EXERCISE DESCRIPTION: Extract the lines of the material below, beginning with the first and ending with the line that holds "The traditional folk". Skip every picture.

PROVIDED DATA:
[Start of section]
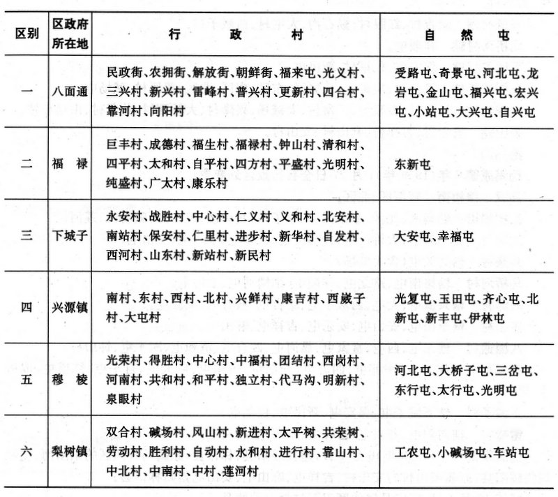 八面通镇所属生产大队:民政、民主、富家、农拥、和平、钟山、清和、太和、新城、靠河、四合、四平。
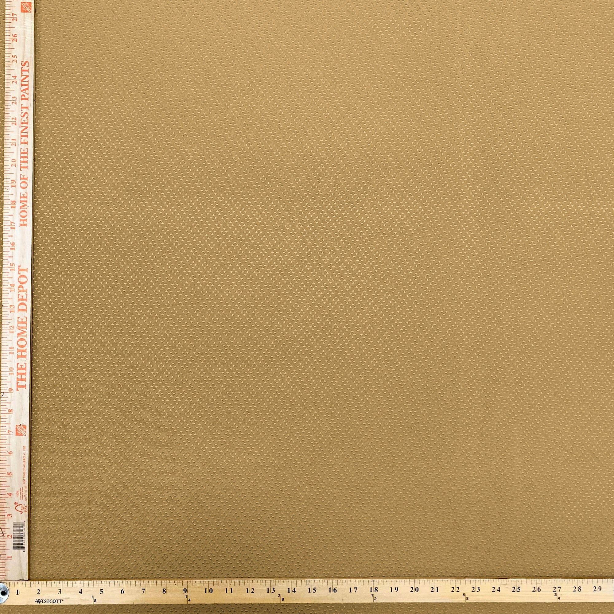 Textured jacquard upholstery fabric with dotted pattern in gold.
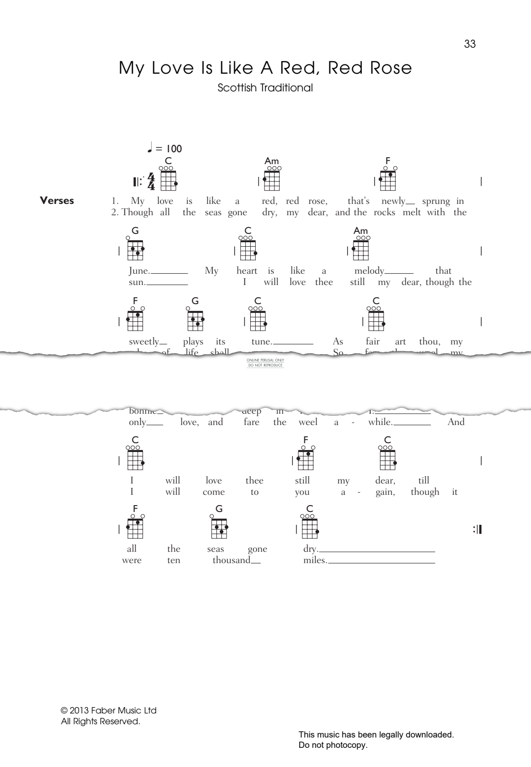 The traditional folk song My Love Is Like A Red, Red Rose. Arranged for voice with ukulele chords in digital sheet music format.
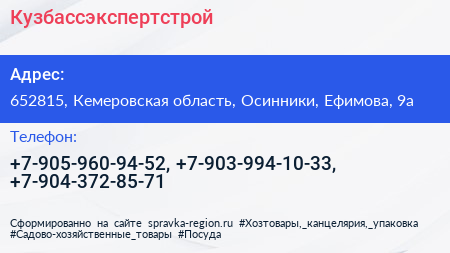 Кузбассэкспертстрой по адресу 652815, Кемеровская область, Осинники, Ефимова, 9а в дальнейшем Организация, размещена в следующих категориях:
[End of section]
RESPONSE TO THE EXERCISE:
 八面通镇所属生产大队:民政、民主、富家、农拥、和平、钟山、清和、太和、新城、靠河、四合、四平。
 Textured jacquard upholstery fabric with dotted pattern in gold.
 The traditional folk song My Love Is Like A Red, Red Rose. Arranged for voice with ukulele chords in digital sheet music format.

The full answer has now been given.